WHAT TO WORK ON: Using the data below, output a verbatim copy of the lines between the one holding "2025 年 8 月 3" and the one holding "Productos principales:Compresor, válvula", inclusive, without any pictures.

ENTRIES SHOWN:
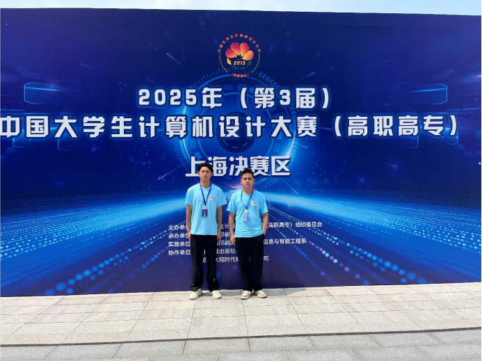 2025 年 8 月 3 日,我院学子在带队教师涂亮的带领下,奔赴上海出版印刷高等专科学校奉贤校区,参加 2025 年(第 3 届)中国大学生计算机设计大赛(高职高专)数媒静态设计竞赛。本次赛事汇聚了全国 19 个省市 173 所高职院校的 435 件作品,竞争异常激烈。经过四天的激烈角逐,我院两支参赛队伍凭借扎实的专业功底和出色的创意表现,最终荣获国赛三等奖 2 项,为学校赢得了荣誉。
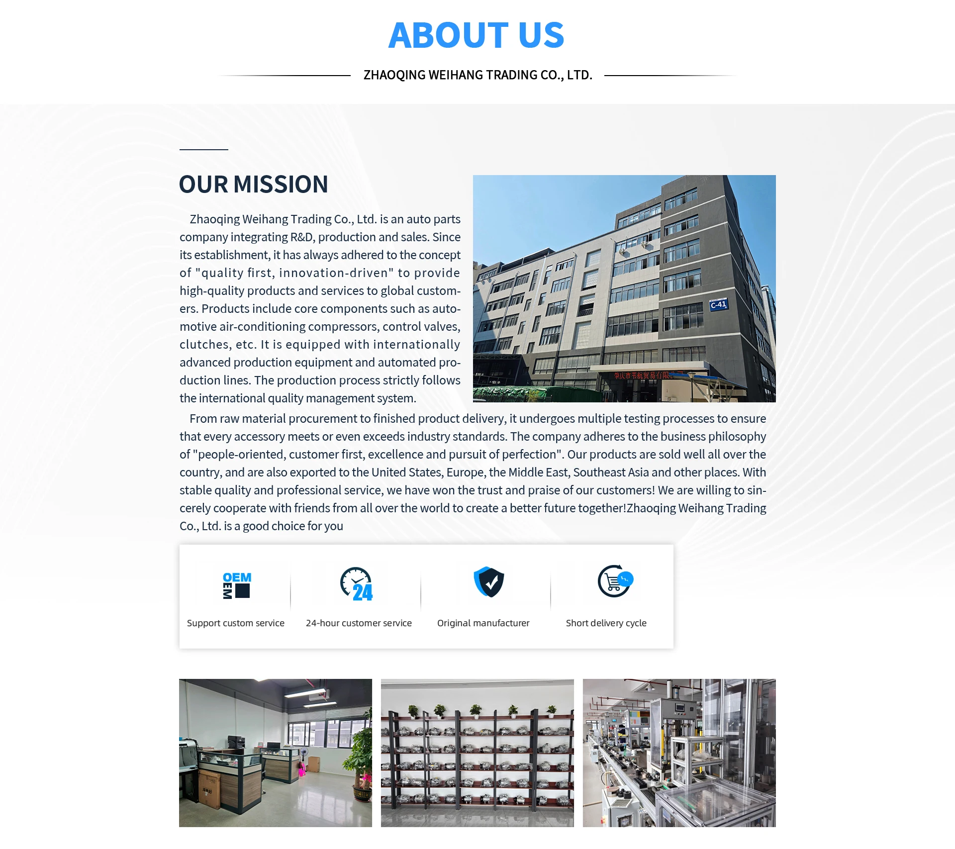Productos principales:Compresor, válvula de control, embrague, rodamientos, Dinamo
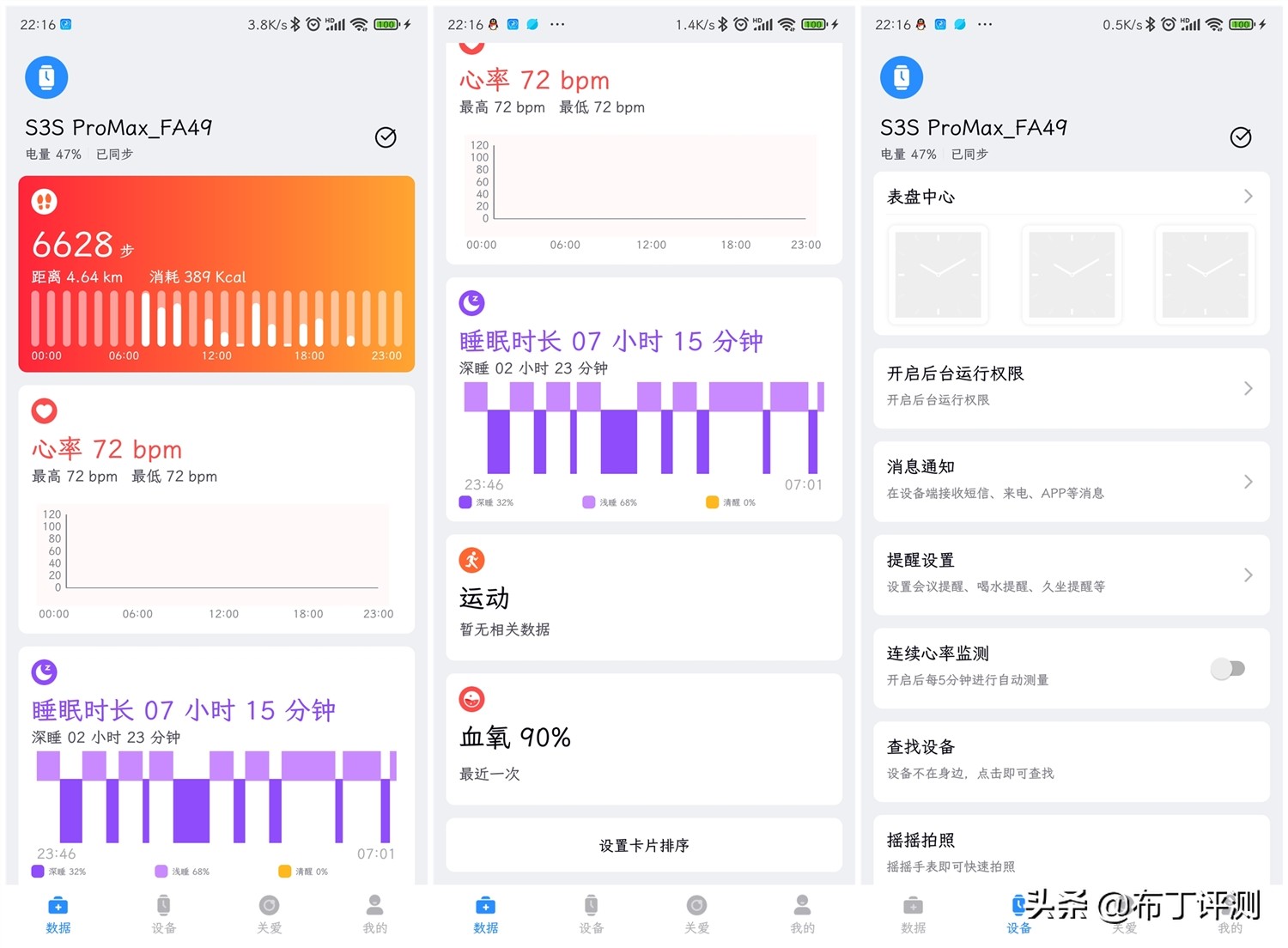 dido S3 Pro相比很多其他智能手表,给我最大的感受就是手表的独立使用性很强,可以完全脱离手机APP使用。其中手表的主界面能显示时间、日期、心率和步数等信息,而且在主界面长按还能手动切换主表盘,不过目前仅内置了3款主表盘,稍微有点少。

...

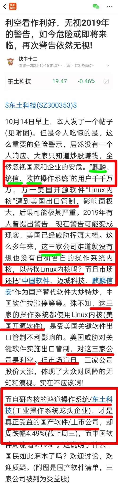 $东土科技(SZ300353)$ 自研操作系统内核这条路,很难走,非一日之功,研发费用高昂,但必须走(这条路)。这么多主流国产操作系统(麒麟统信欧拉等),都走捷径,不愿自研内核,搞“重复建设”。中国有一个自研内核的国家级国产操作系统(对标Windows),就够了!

==

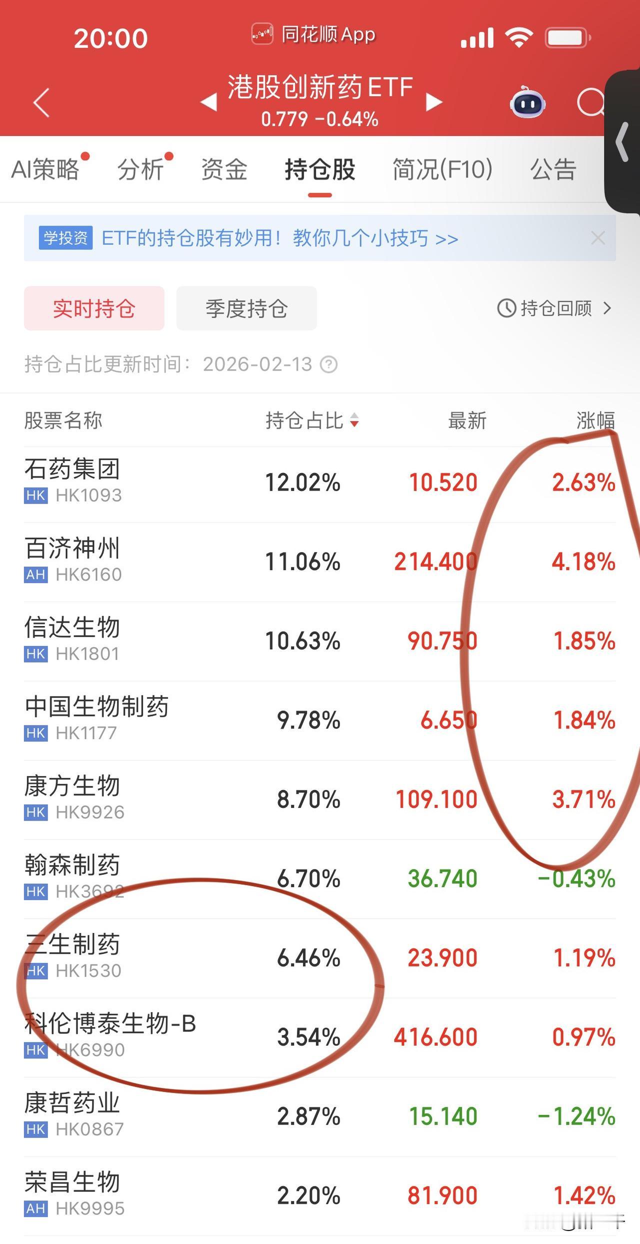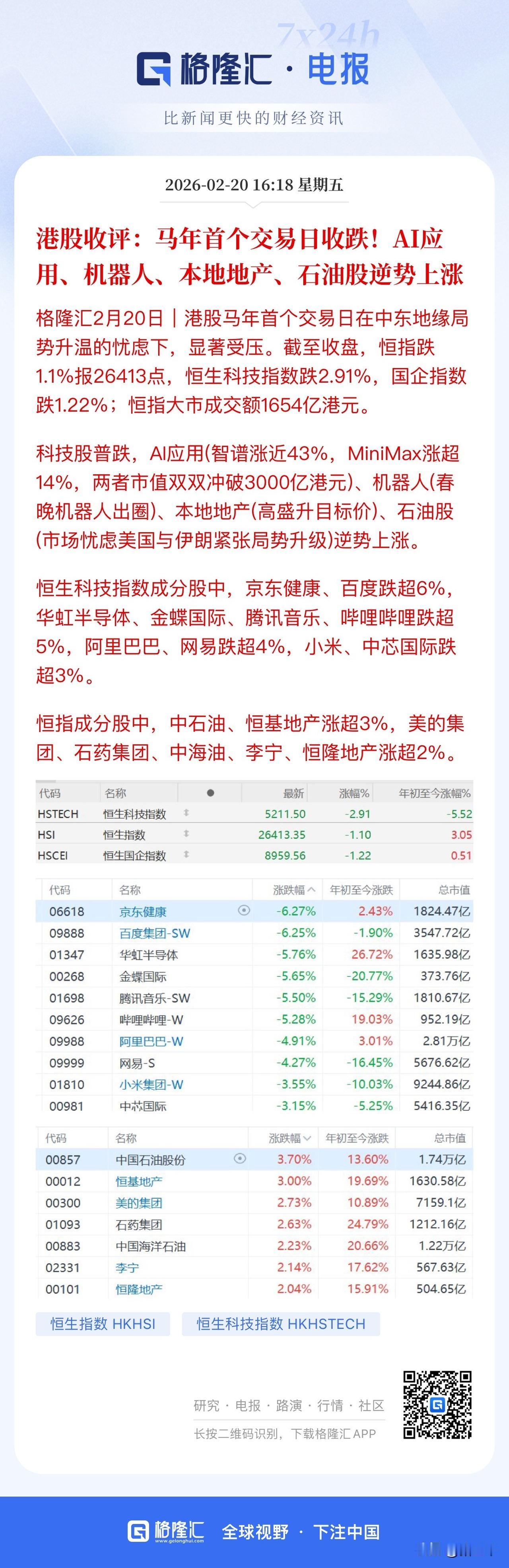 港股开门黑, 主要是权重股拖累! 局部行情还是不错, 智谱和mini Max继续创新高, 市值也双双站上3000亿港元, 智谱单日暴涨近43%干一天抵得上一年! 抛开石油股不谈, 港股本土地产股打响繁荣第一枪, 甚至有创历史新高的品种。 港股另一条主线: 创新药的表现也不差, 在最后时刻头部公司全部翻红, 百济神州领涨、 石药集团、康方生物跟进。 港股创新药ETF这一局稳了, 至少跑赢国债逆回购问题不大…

RESULT OF THIS TASK:
 2025 年 8 月 3 日,我院学子在带队教师涂亮的带领下,奔赴上海出版印刷高等专科学校奉贤校区,参加 2025 年(第 3 届)中国大学生计算机设计大赛(高职高专)数媒静态设计竞赛。本次赛事汇聚了全国 19 个省市 173 所高职院校的 435 件作品,竞争异常激烈。经过四天的激烈角逐,我院两支参赛队伍凭借扎实的专业功底和出色的创意表现,最终荣获国赛三等奖 2 项,为学校赢得了荣誉。
Productos principales:Compresor, válvula de control, embrague, rodamientos, Dinamo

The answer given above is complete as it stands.